Your instructions —
In the data below, locate the line containing "SIAK – Gubernur" and the line containing "中长款半身裙女年夏季高腰显瘦宽松排扣A字女士裙子 711000", then retype both and everything between them exactly. Pictures are not part of the copy.

Recorded data —
● ● ● ● ●

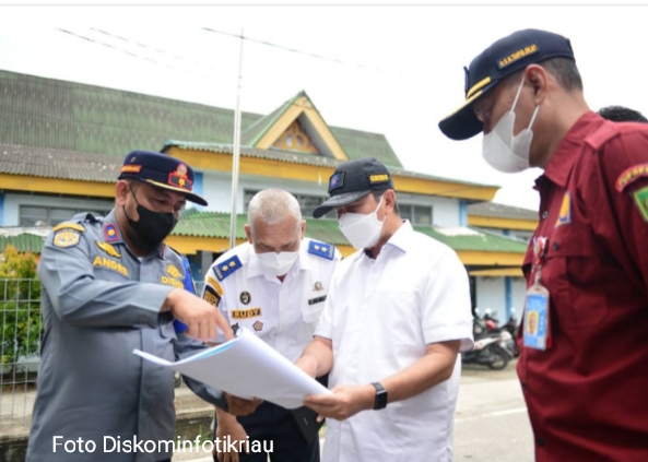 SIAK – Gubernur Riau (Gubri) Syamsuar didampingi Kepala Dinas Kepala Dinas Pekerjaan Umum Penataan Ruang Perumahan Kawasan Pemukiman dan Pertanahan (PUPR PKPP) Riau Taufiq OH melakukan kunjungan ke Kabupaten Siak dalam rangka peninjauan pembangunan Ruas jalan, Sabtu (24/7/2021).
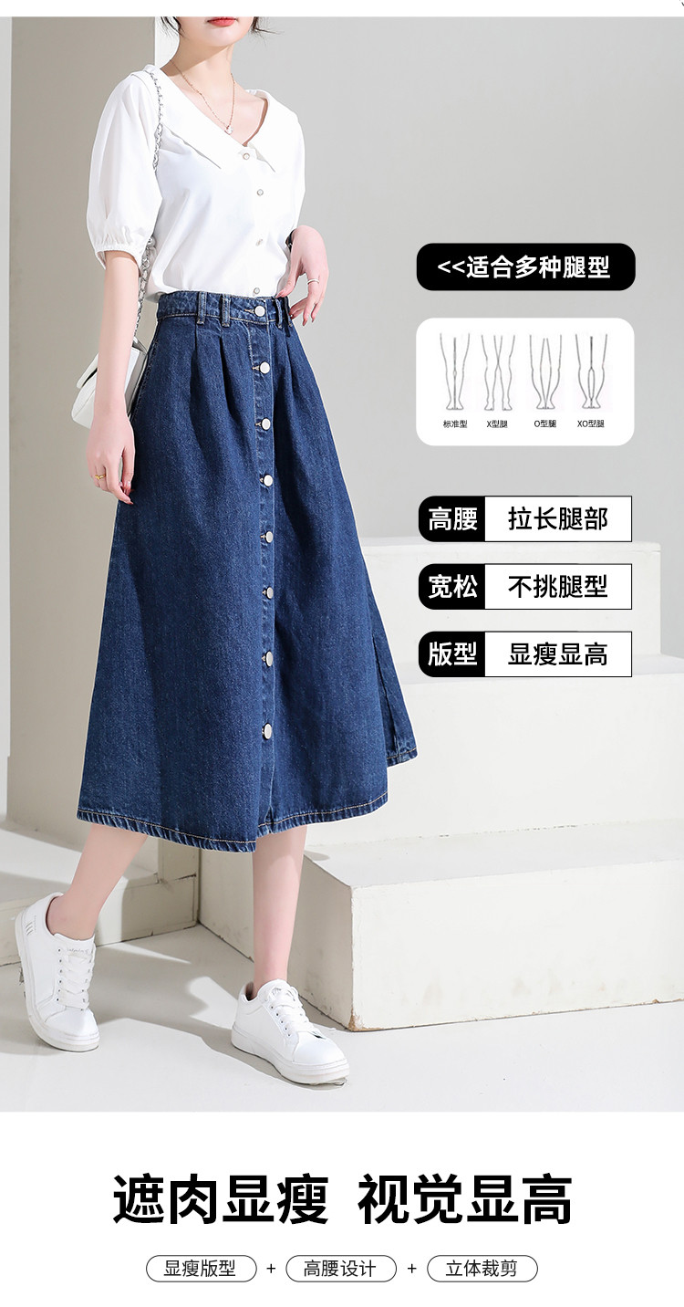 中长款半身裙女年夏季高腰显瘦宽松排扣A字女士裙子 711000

● ● ● ● ●

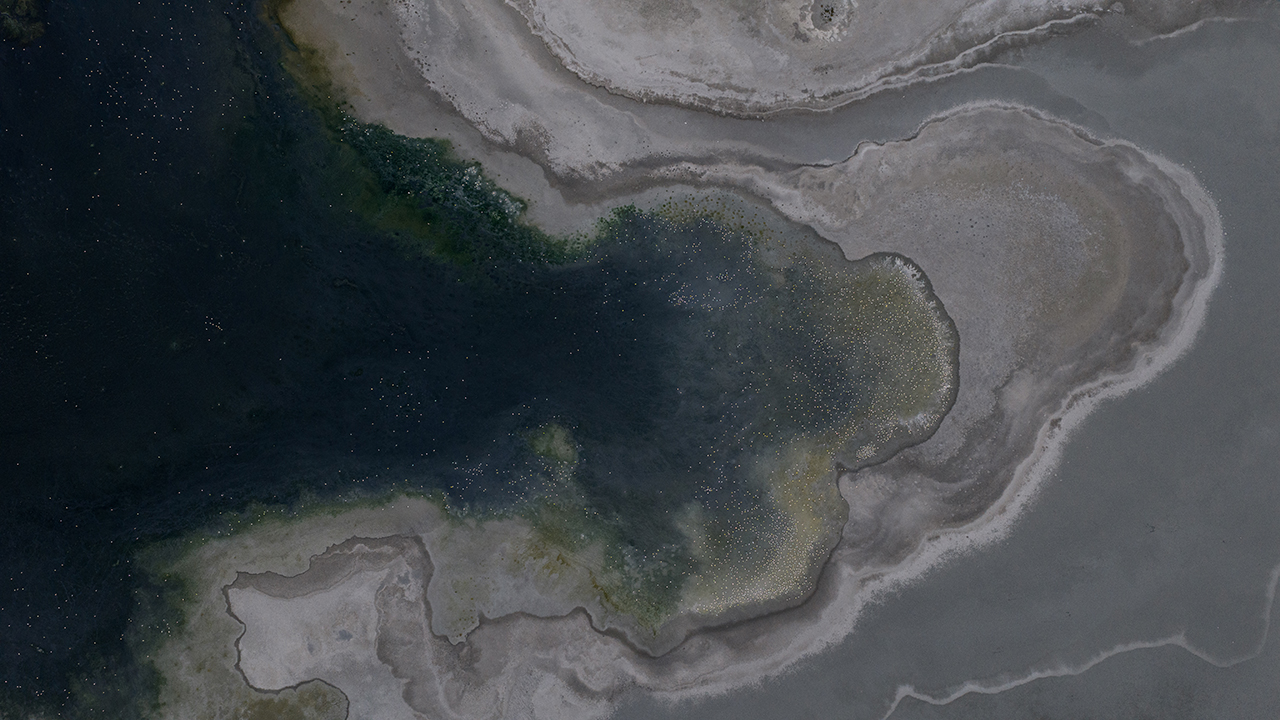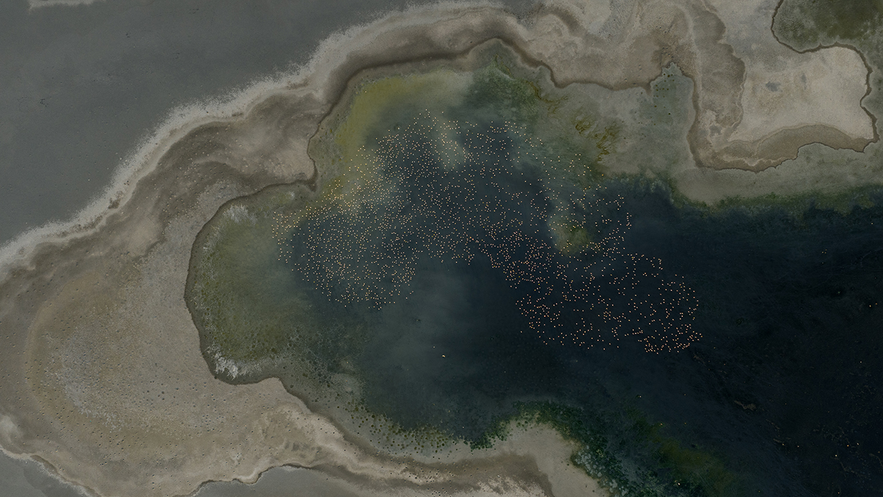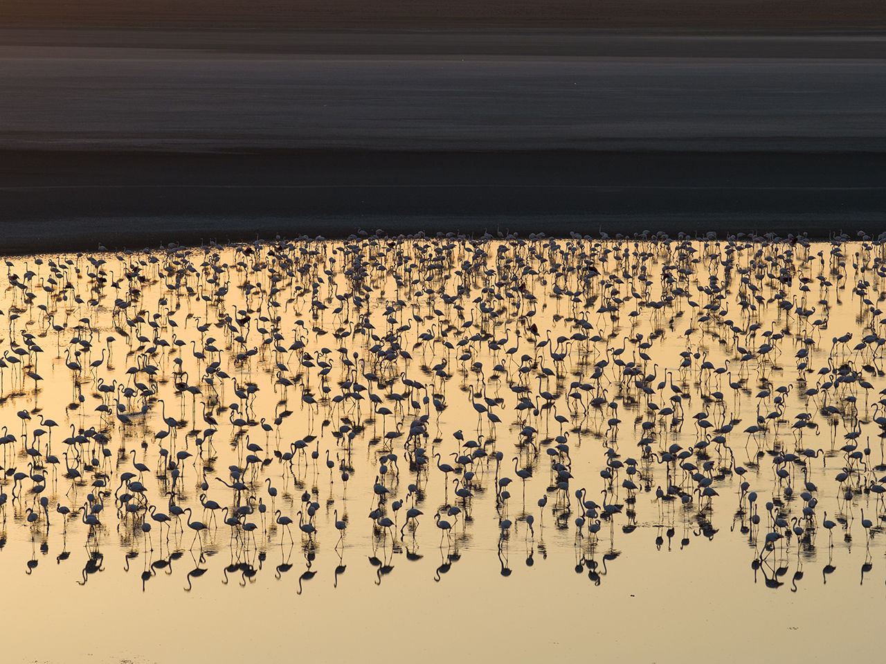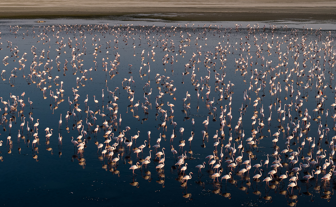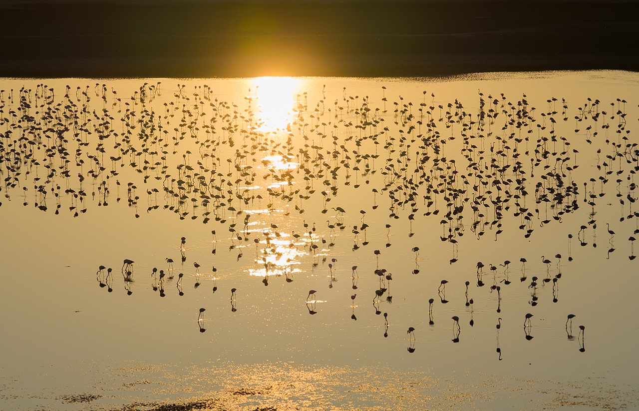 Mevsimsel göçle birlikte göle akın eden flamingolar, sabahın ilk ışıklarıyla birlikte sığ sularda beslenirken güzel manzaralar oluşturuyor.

● ● ● ● ●

Answer to the problem —
 SIAK – Gubernur Riau (Gubri) Syamsuar didampingi Kepala Dinas Kepala Dinas Pekerjaan Umum Penataan Ruang Perumahan Kawasan Pemukiman dan Pertanahan (PUPR PKPP) Riau Taufiq OH melakukan kunjungan ke Kabupaten Siak dalam rangka peninjauan pembangunan Ruas jalan, Sabtu (24/7/2021).
 中长款半身裙女年夏季高腰显瘦宽松排扣A字女士裙子 711000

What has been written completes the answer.